Marks, an MD/PhD student in the UB School of Medicine and Biomedical Sciences' Medical Scientist Training Program, described another of HAMLET's benefits: "Unlike synthetic drugs, HAMLET is a naturally occurring human milk protein-lipid complex, and so is not associated with the types of toxic side effects that we so frequently see with the high-powered antibiotics needed to kill drug-resistant organisms."

The idea to test HAMLET in combination with other antibiotics was inspired, in part, by a presentation Marks saw on using drug cocktails to treat HIV.

"What really hit home for me in this lecture was the idea of using drug combinations where each drug had a different mechanism that could enhance the action of the other drug as an appealing way to optimize therapy for resistant organisms," she said. "I was immediately curious to see if using HAMLET together with existing therapies could result in synergistic interactions."

Findings of note:

  • In lab experiments, HAMLET lowered the dose of antibiotics needed to fight S. pneumoniae and S. aureus by as much as a factor of eight or more.

  • The effect was so pronounced that drug-resistant superbugs — including a strain of S. aureus insensitive to vancomycin, the "antibiotic of last resort" — regained sensitivity to antibiotics.

  • Used together, HAMLET and antibiotics eradicated streptococcal and staphylococcal biofilms in petri dishes and deep in the noses of mice.

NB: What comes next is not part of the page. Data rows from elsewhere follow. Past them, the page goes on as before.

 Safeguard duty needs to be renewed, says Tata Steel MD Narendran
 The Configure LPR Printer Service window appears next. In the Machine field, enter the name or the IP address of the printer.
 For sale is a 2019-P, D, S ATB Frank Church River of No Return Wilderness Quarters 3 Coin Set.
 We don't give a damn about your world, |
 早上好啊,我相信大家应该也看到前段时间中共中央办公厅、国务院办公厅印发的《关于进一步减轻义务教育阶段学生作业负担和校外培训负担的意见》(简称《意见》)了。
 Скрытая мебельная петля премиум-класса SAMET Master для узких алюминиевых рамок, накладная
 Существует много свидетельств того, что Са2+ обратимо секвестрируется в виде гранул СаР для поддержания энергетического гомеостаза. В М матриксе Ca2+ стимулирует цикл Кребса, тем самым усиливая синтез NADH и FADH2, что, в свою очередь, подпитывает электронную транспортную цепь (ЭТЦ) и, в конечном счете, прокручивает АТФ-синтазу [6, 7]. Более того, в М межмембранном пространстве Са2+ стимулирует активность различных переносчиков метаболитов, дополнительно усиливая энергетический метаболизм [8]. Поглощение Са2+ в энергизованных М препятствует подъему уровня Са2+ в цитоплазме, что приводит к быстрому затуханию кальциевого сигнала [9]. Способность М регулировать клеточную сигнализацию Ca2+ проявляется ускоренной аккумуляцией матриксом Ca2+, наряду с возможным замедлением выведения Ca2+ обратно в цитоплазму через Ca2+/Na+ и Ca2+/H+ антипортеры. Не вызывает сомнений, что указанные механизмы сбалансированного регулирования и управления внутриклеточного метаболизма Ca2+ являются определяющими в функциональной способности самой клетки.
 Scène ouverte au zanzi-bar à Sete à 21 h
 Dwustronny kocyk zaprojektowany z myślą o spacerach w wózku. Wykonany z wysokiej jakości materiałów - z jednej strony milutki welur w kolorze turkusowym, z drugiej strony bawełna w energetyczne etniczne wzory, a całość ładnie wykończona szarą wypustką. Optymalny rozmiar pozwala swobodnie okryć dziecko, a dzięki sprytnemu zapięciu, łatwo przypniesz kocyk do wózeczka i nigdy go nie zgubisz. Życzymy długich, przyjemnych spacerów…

This held true for strains previously resistant to antibiotics.

About HAMLET:

  • Discovered during Hakansson's time in Catharina Svanborg's laboratory in Lund, Sweden, HAMLET has shown the ability to selectively kill both tumor cells and bacteria.

  • In certain bacteria (including S. pneumoniae and S. aureus), HAMLET binds to and halts the activity of biological pumps and transporters that help regulate the flow of ions in and out of a cell. HAMLET also binds to and blocks the activity of two enzymes needed for glycolysis, a process bacteria use to obtain energy.

  • In the bacteria it kills, HAMLET appears to spark a chain of chemical reactions that mirrors what happens in nature when bacterial cells self-destruct for the greater good of a bacterial community (a "biofilm"). This deadly process includes an influx of calcium and the activation of a serine/threonine kinase, and ends with cells rupturing.

What's next:

UB's Office of Science, Technology Transfer and Economic Outreach (STOR) has filed a provisional patent application detailing HAMLET's antibiotic capabilities, and Anders and Hazeline Hakansson have founded a company called Evincor to further develop HAMLET.

"The pharmaceutical industry is currently reluctant to develop antibiotics because they are only used for a short time and they will be used infrequently initially and only when nothing else works," Hazeline Hakansson said. "HAMLET, on the other hand, is more of an adjuvant and can be used widely in combination with common antibiotics; it already has a huge potential market that is only going to increase the next couple of years as antibiotic resistance increases.

"Some people estimate that it's only a question of time before we run out of antibiotics to combat bacteria," she continues.

"HAMLET is promising because we haven't been able to make bacteria resistant to it and it kills bacteria via a mechanism that is clearly different from that of commonly prescribed antibiotics."

The Hakanssons, a husband-and-wife team, say the next step is to test HAMLET on additional strains of S. pneumoniae and S. aureus — including those currently infecting patients — and to expand the in-vivo infection models used for testing to provide a proof of principle.